WASHINGTON (AP) — If you wear combat fatigues to work, then your nomination is almost sure to sail through the Senate. If not, you're likely in for a long wait.
In just a week, senators confirmed Army Lt. Gen. John W. "Mick" Nicholson Jr. to be the next top American commander in Afghanistan. By contrast, President Barack Obama's choices for several other government positions are being held up, including his picks for commissioner of the Food and Drug Administration, high-level positions at the State and Treasury departments, ambassadors in 10 countries and myriad other posts.
Delaying the president's nominees gives the candidates who are running to replace him or for re-election in the Senate a chance to score political points — and both Republicans and Democrats do it.
Democrats have blamed Senate Republicans for what Minority Leader Harry Reid, D-Nev., has called a "blatant strategy of obstruction" aimed at undermining Obama's agenda in his final year in office. That's not a bad outcome for many Republicans who view Obama's policies as destructive.
Sen. Bernie Sanders, I-Vt., who is running for the Democratic presidential nomination, and two Democrats are blocking Dr. Robert Califf from being confirmed as FDA chief. The agency has been without a commissioner for almost a year.
Sanders, along with Sens. Ed Markey, D-Mass., and Joe Manchin, D-W.Va., have cited Califf's close ties to the pharmaceutical industry, which they claim hamstrings his ability to deal with the opioid addiction crisis, and a lack of commitment to lowering drug prices as their reasons. The FDA announced steps this week to address opioid addiction, but it wasn't enough for the senators to lift their holds.
Likewise, Sen. Lisa Murkowski, R-Alaska, is holding up Califf's nomination over the FDA's approval last year of genetically modified salmon.
Several of Obama's nominees have been caught up in the grinder of the GOP presidential campaign. Sen.

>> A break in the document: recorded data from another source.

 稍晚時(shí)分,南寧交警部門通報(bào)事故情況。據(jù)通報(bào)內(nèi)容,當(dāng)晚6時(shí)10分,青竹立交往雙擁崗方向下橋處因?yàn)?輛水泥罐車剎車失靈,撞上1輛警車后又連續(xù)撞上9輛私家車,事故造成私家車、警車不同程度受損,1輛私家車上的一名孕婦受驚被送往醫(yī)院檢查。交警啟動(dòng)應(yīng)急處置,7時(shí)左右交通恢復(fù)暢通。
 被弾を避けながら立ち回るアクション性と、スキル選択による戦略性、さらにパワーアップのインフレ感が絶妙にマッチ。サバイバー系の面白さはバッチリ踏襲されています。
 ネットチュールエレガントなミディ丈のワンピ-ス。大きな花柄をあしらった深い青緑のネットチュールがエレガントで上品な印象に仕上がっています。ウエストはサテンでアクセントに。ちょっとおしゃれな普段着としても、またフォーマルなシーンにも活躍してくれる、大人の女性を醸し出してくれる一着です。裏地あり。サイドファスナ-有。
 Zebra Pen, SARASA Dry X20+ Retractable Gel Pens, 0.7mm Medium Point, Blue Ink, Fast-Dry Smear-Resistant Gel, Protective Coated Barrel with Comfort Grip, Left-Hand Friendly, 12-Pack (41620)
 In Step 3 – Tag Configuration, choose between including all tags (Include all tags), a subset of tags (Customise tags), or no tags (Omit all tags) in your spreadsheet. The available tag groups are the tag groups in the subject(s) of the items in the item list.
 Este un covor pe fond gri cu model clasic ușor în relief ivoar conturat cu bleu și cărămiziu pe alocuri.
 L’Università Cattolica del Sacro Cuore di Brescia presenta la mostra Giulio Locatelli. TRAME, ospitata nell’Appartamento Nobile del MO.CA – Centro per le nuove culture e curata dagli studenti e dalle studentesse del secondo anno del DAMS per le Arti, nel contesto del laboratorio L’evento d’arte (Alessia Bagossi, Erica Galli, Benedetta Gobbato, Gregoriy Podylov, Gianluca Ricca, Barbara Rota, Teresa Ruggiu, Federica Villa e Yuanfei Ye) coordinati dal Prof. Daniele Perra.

Ted Cruz, R-Texas, placed a blanket hold on all nominees for State Department positions requiring Senate confirmation, due in part to his opposition to the landmark nuclear deal Obama and other nations brokered with Iran last year.
At least 10 State nominees — including the ambassadors to Mexico, the Bahamas, Luxembourg, Myanmar, Norway and Sweden along with the department's No. 3 official and its legal adviser — are being blocked, most of them by Cruz.

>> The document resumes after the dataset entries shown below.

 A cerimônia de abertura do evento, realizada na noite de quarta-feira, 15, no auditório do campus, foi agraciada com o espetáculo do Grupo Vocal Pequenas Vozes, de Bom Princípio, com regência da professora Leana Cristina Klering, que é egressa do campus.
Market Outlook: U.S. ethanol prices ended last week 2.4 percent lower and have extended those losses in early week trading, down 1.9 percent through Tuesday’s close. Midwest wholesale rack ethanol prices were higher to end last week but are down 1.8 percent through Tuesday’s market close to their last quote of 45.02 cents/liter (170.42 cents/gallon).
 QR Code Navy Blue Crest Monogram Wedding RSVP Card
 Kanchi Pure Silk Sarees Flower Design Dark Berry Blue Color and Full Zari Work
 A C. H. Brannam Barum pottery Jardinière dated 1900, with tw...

Azita Raji, Obama's choice to be U.S. ambassador to Sweden, was nominated more than 15 months ago — in October 2014.
Though Cruz has been campaigning in New Hampshire, Sen. Mike Lee, R-Utah, came to the floor this week to object for Cruz when several Democrats attempted to try and move the nominations along.
"That isn't helpful, that isn't constructive and that isn't a wise use of that tactic to hold up positions for that long for no reason tied necessarily to that individual's fitness for the job or the foreign policy objectives of the United States," State Department spokesman John Kirby said earlier this week
Even if Cruz hadn't exercised his senatorial prerogative, Roberta Jacobson's nomination to be the U.S. ambassador to Mexico would still be stalled. Sen. Marco Rubio, R-Fla., another presidential hopeful, has objected to Jacobson because of her role in negotiating the normalization of U.S. relations with Cuba.
Sen. David Vitter, R-La., is maintaining a pledge to block nominees to the federal Office of Personnel Management. Vitter's objections are rooted in his longstanding effort to end the federal health care subsidy for lawmakers and their staffs. Obama nominated Beth Cobert to be director of the embattled agency, which is trying to improve cybersecurity measures after hackers stole the Social Security numbers, health histories and other highly sensitive data belonging to more than 20 million people last year.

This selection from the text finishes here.